I was in Berlin two weeks ago. I know, you are saying to
yourself, “Again? I have heard about Berlin already. Go
somewhere else in Germany, will you?” Ok, maybe you aren’t saying that but there
was a reason for my trip. One of my oldest friends, Giulia, was there from Hollywood,
trying to sell movies during the Berlin film festival. I went to visit during her first couple of days in town. Kaska
came along.
I have written about Berlin before, and the movie business
is not nearly as glamorous as it sounds. The only Hollywood news I really
appreciated was learning about of the films Giulia is selling. It’s called
“Zombeavers”. As you may have guessed from the title, it’s about beavers who
turn into zombies and attack teenagers staying at a cabin in the woods. If
that’s not an Oscar contender I don’t know what is. So, Zombeavers aside, I
will write about two banhofs we got to know a little while in Berlin (a banhof
is a train station).
The first is the Hamburger Banhof.

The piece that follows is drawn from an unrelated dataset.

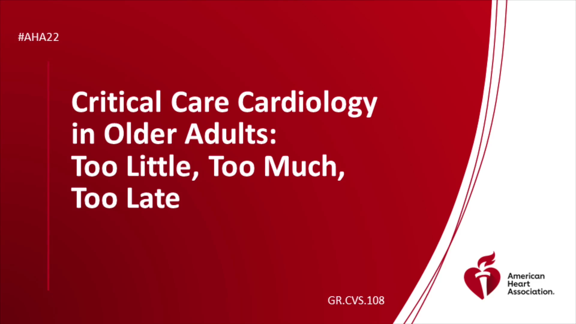 Critical Care Cardiology in Older Adults: Too Little, Too Much, Too Late - AHA OnDemand Skip to main content

No, it’s not a new
concept in fast food. In fact, there are no burgers there at all (I can just imagine a caboose rolling by, full of quarter pounders). It’s an old
train station that is now converted into a modern art museum. I don’t always
like modern art or understand it as well as I think I should, but I enjoyed
this place. There was a lot of imaginative stuff that made me think
a little and also made me smile. My favorite was a video showing a woman who is
training ducks to pull a spaceship to the moon. They were hiking around on
mountains in space suits.
The museum is housed in a huge old train
station. Most of the exhibits are on former platforms where passengers would board
trains headed for Hamburg in the 1800s. There’s a huge main hall that would be the perfect place for a masquerade ball. And in the
garages, where trains would be repaired or stored or dismantled for parts, are
massive works of modern art. Things like spray-painted trees lying on the floor
and entire creepy black rooms are housed here. They wouldn’t fit anywhere else.
The Hamburger Banhof |
Giulia and Warhol |
I only found the other station because it
was around the corner from our hotel. It’s the Anhalter Banhof, or it was once.
Now there’s just a façade remaining, just a grand doorway that leads to
nowhere. This banhof was a hub for trains heading to places like Vienna, Prague and Rome. But
it’s more memorable as the place where the Germans elderly Jews were deported during the early years of WWII. They left in small numbers, 50 to 100 per day,
a few days every week. They traveled in passenger cars attached to regular trains and arrived at regular stations, only to be sent on to concentration camps.
There’s a new museum being built across the street – Berlin probably has as many museums as Washington DC, or more. It’s a museum about deportees, refugees and displaced people.
Anhalter Banhof - the facade still stands |
It’s funny to think of what happens to a train station that
no longer serves a purpose. These two went in opposite directions – one is
reincarnated and more contemporary than ever, and one is just a shell, a monument to all
the people who left.
So far, neither is selling burgers and fries.